*Material provided*.
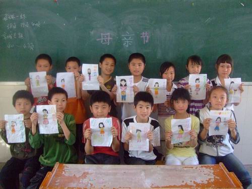 5月8日,南丰县子固小学开展以“我的漂亮妈妈”为主题的特色绘画课。学生们在老师的指导下,为妈妈画肖像,迎接即将到来的母亲节。图为该校五(2)班13名留守学生展示自己作品时的情景。
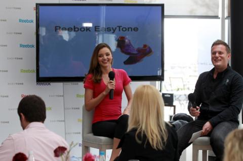 Bà mẹ một con tự tin đứng thẳng một chân và kéo một chân còn lại cao ngang đầu, khiến các phóng viên có mặt trong buổi họp báo vô cùng thích thú, và tất nhiên họ không thể bỏ lỡ khoảnh khắc đáng yêu này. Trong trang phục thể thao, đặc biệt là sắc đỏ nổi bật của chiếc áo, Miranda Kerr trông tươi tắn và trẻ trung như thiếu nữ mới đôi mươi.
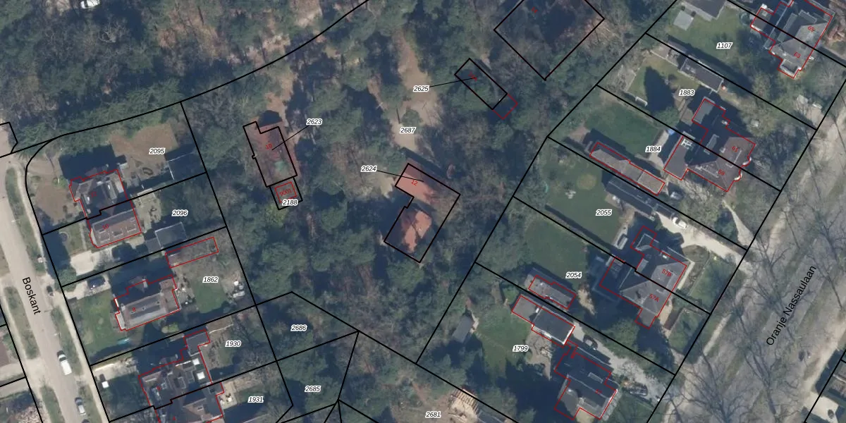 Het adres is gelegen op perceel 2624 in de sectie E en de kadastrale gemeente Zeist. De kadastrale aanduiding is aldus ZEI00-E-2624. Het perceel is kleiner dan gemiddeld in Zeist. Het perceel is 209 m² groot, terwijl het gemiddelde ligt op 2183,32 m². Het grootste perceel in de kadastrale gemeente is 1,78 km². Het kleinste perceel heeft een oppervlakte van 0 m². Op het perceel bevinden zich geen andere adressen. De laatste wijziging in het de Basisregistratie Kadaster (BRK) was op 16-03-2001.
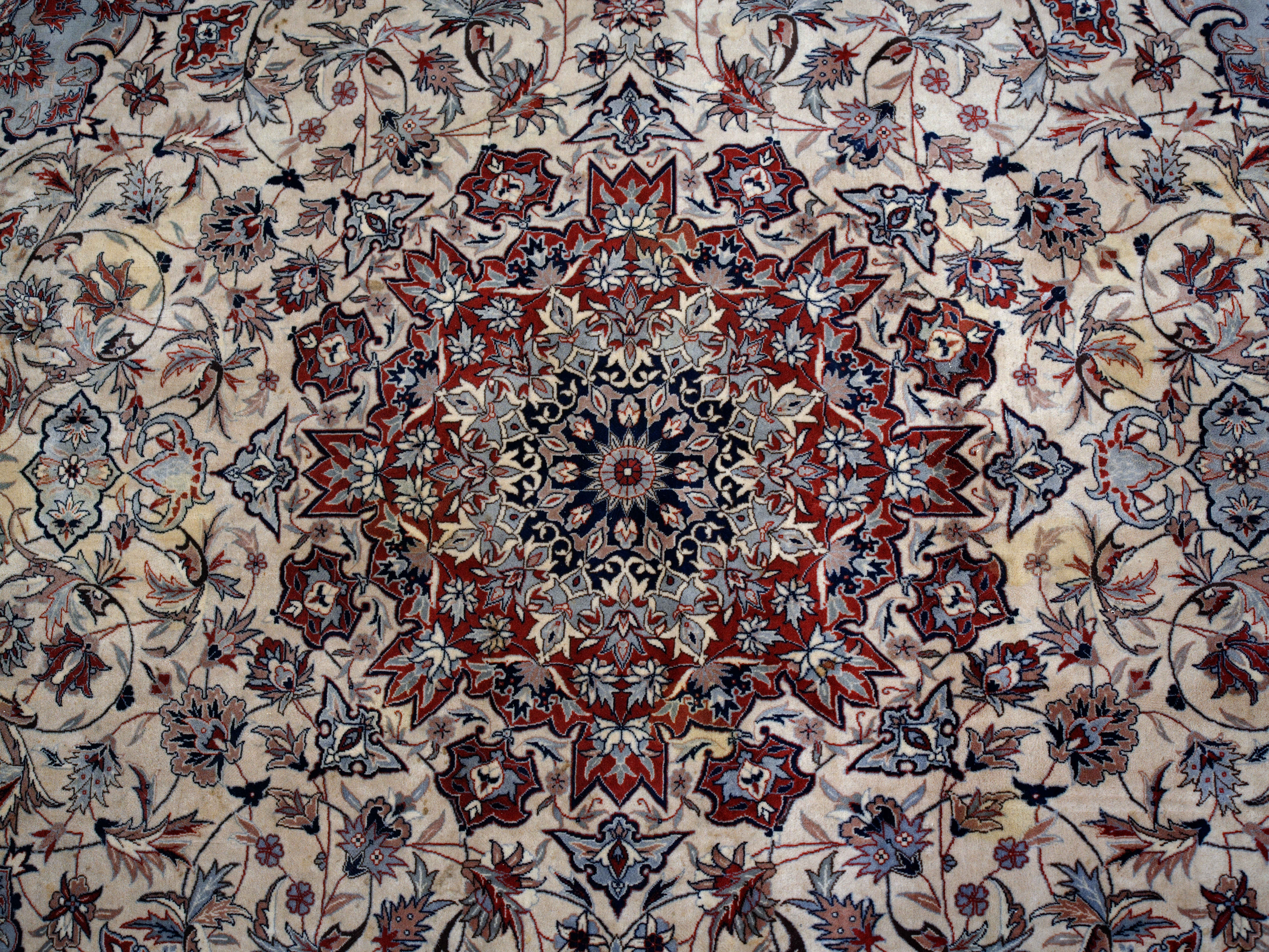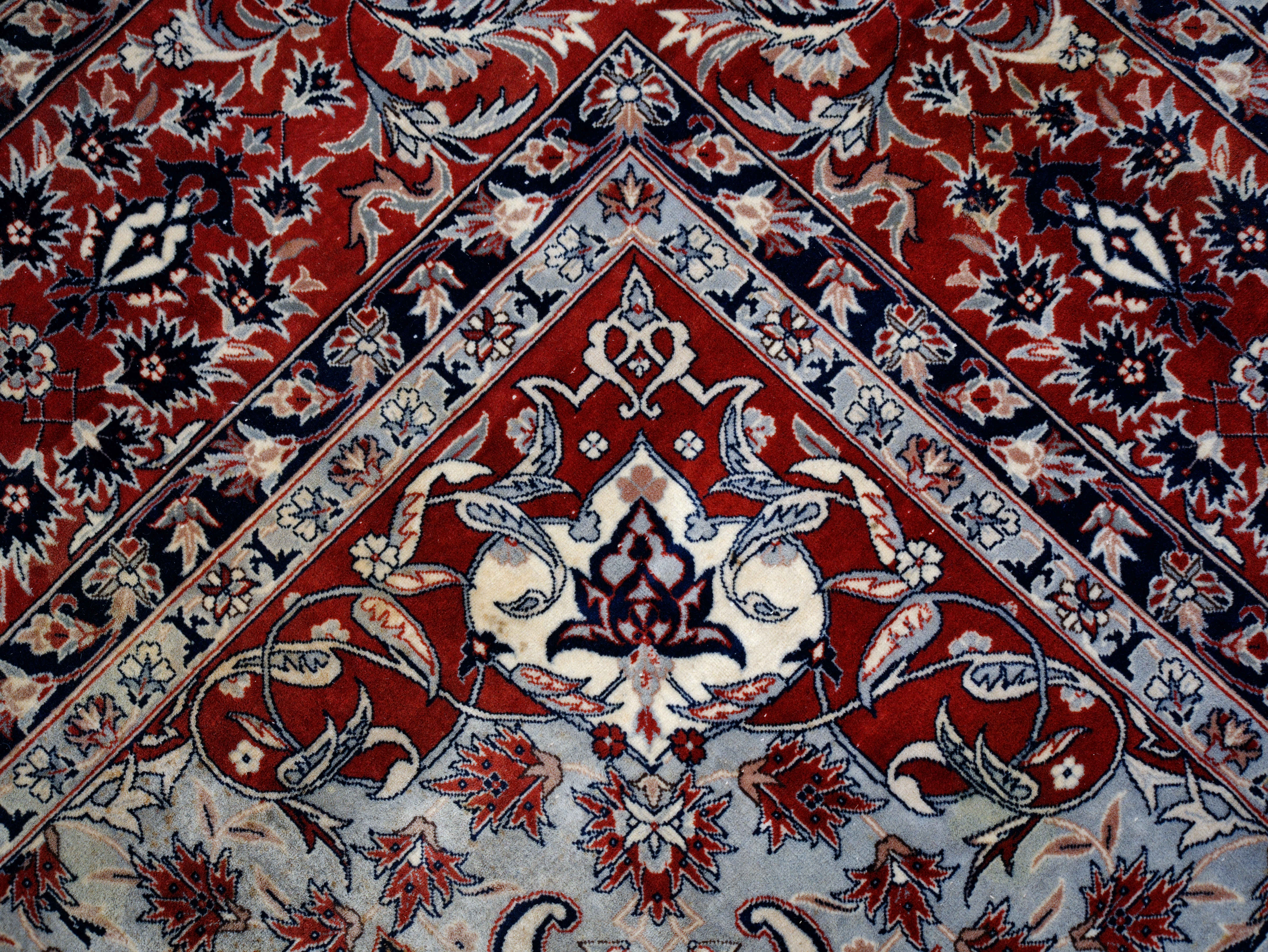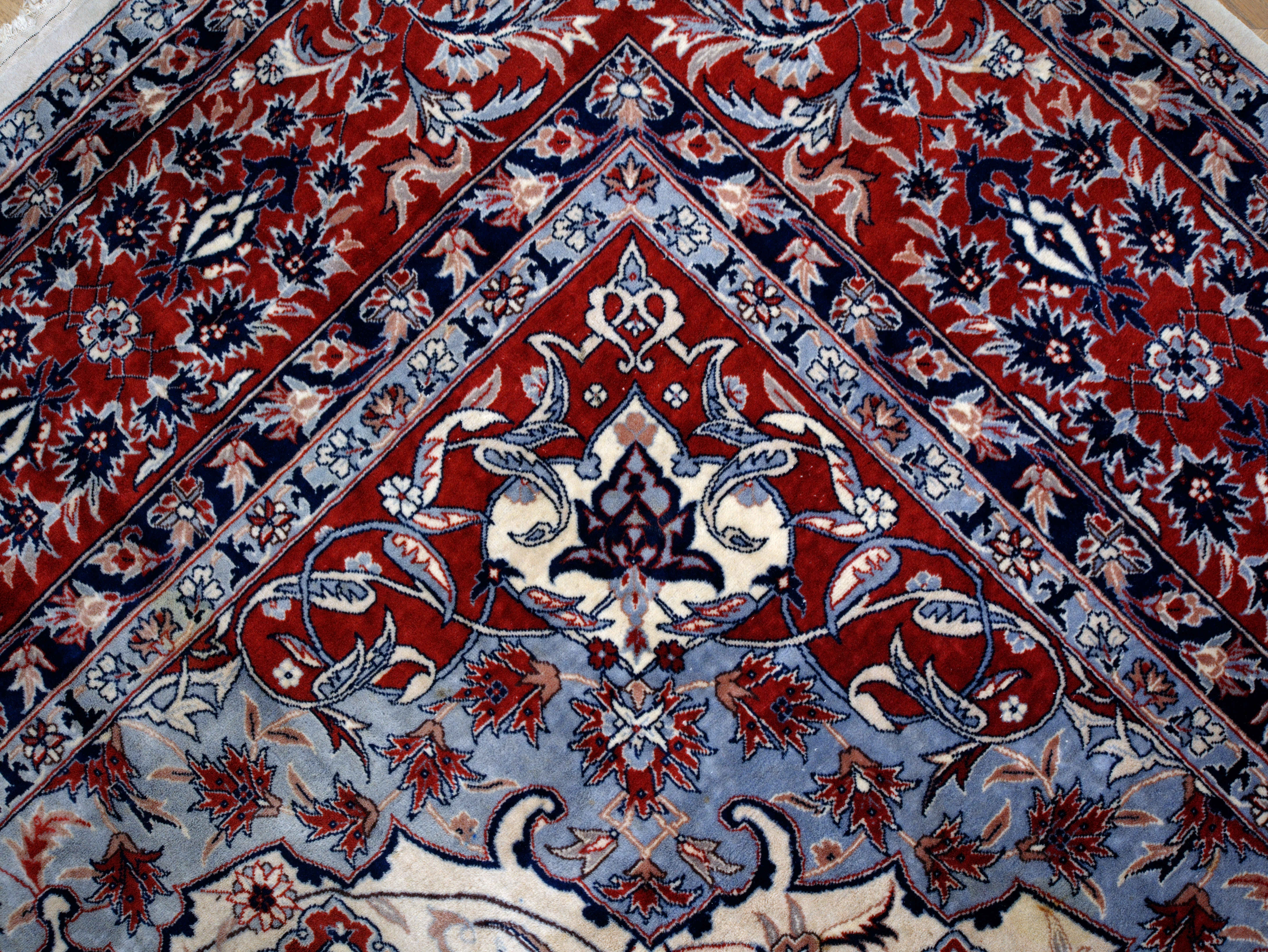 Excelentní kvalita tohoto perského koberce je viditelná na první pohled. Nejjemnější kork vlna na bavlněné osnově. Hustota vazby 360.000 uzlíků na m2. Nádherný florální vzor s centrálním medailonem. Bohatá florální bordura. Koberec je jemný na dotek a měkký na došlap. Koberec byl uvázán asi před 30 lety v městských dílnách Tabrizu v severozápadním Íránu. Jeden z nejkvalitnějších koberců vůbec. Stav: dobrý, bez prošlapaných míst, třásně už nejsou perfektní, ale je možné je zastřihnout nebo ohnout pod koberec.

*The problem*. Exactly the lines from the one with "Het adres is" to the last line of the listing are wanted, both ends included and pictures excluded.

*Response below*.
 Het adres is gelegen op perceel 2624 in de sectie E en de kadastrale gemeente Zeist. De kadastrale aanduiding is aldus ZEI00-E-2624. Het perceel is kleiner dan gemiddeld in Zeist. Het perceel is 209 m² groot, terwijl het gemiddelde ligt op 2183,32 m². Het grootste perceel in de kadastrale gemeente is 1,78 km². Het kleinste perceel heeft een oppervlakte van 0 m². Op het perceel bevinden zich geen andere adressen. De laatste wijziging in het de Basisregistratie Kadaster (BRK) was op 16-03-2001.
 Excelentní kvalita tohoto perského koberce je viditelná na první pohled. Nejjemnější kork vlna na bavlněné osnově. Hustota vazby 360.000 uzlíků na m2. Nádherný florální vzor s centrálním medailonem. Bohatá florální bordura. Koberec je jemný na dotek a měkký na došlap. Koberec byl uvázán asi před 30 lety v městských dílnách Tabrizu v severozápadním Íránu. Jeden z nejkvalitnějších koberců vůbec. Stav: dobrý, bez prošlapaných míst, třásně už nejsou perfektní, ale je možné je zastřihnout nebo ohnout pod koberec.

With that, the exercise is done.